FIG. 4 is an illustration of an indexing scheme for a picture of a MBAFF coded video stream with rows that stretch M macroblocks pairs. Referring to FIG. 4 and following the indexing scheme for MBAFF coded video streams, MB pair 250 can be assigned Index 10 for the bottom MB and Index 7 for the top MB, MB pair 252 can be assigned Index 9 for the top MB and Index 8 for the bottom MB, MB pair 254 can be assigned Index 0 for the top MB and Index 1 for the bottom MB, MB pair 256 can be assigned Index 2 for the top MB and Index 3 for the bottom MB, MB pair 258 can be assigned Index 4 for the top MB and Index 5 for the bottom MB, MB pair 260 can be assigned Index 6 for the top MB, and other MBs, such as the top MB in MB pair 262, can be assigned Index 11.
For MBAFF coded video streams, the neighboring location is not only related to the current location, but is also related to three other factors: (1) currMbFrameFlag which indicates whether the current MB Pair is encoded as frame MBs or field MBs; (2) mbIsTopMbFlag which indicates whether the current MB is the top or bottom MB of the MB Pair; and (3) macroblock mbX whose MB address can be defined in the H.264 standard.
As discussed earlier, there is a total of twenty-six different types of partitions used for calculating neighboring locations, each of these partitions may have four neighboring locations, such as the left block, the top block, the top-right block, and the top-left block.
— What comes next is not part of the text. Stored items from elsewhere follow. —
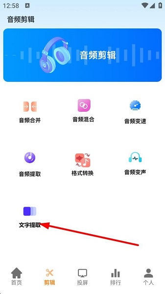 2、在音频剪辑页中选择“文字提取”选项,进入音频文件选择页面。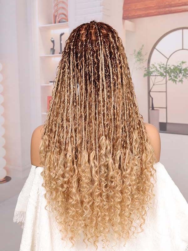 • Lwigs Most-Fit Cap Ombre Blonde Color Knotless Boho Curls Braided HD Full Lace Wigs With Baby Hair UD17 Lwigs Most-Fit Cap Ombre Blonde Color Knotless Boho Curls Braided HD Full Lace Wigs With Baby Hair UD17
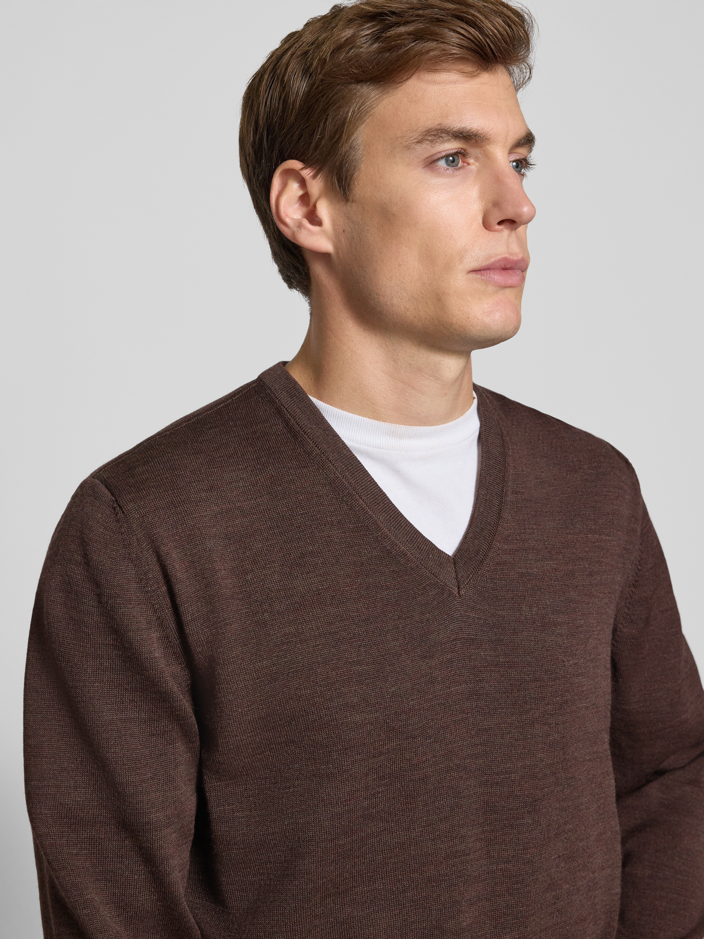 Gebreide pullover van merinowol in middenbruin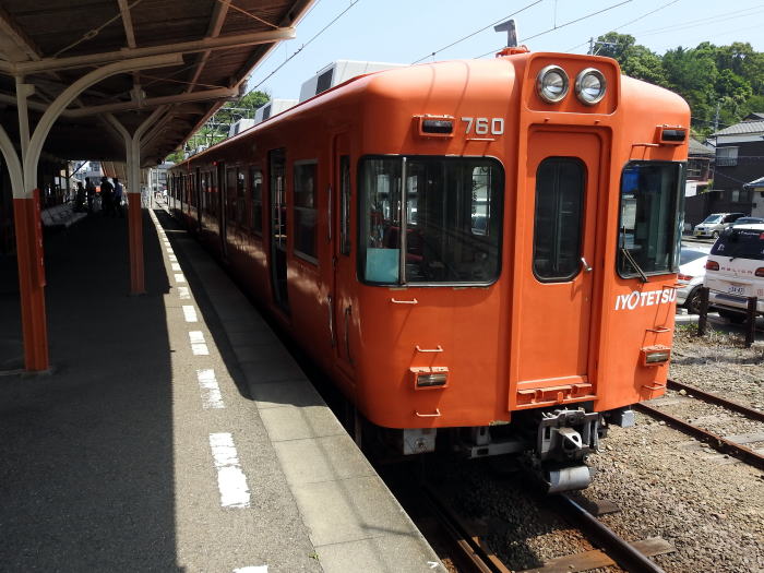 | 高浜駅で発車を待つ横河原行普通列車 700系クハ760号 2018.6.9 高浜〔伊予鉄道 高浜線〕 | ||

The four neighbors may take up to 2-bits of memory space. Each neighboring location can be defined differently based on the following parameters, currMbFrameFlag and mbIsTopMbFlag, where each parameter may need up to 1-bit of memory space. Therefore each partition can have sixteen different neighboring locations. If each partition has a one-to-one corresponding entry, then there will be 26*16=416 entries in the uncompressed table of neighboring locations, shown in Appendix D and may be also referred to as “uncompressed neighboring locations table.”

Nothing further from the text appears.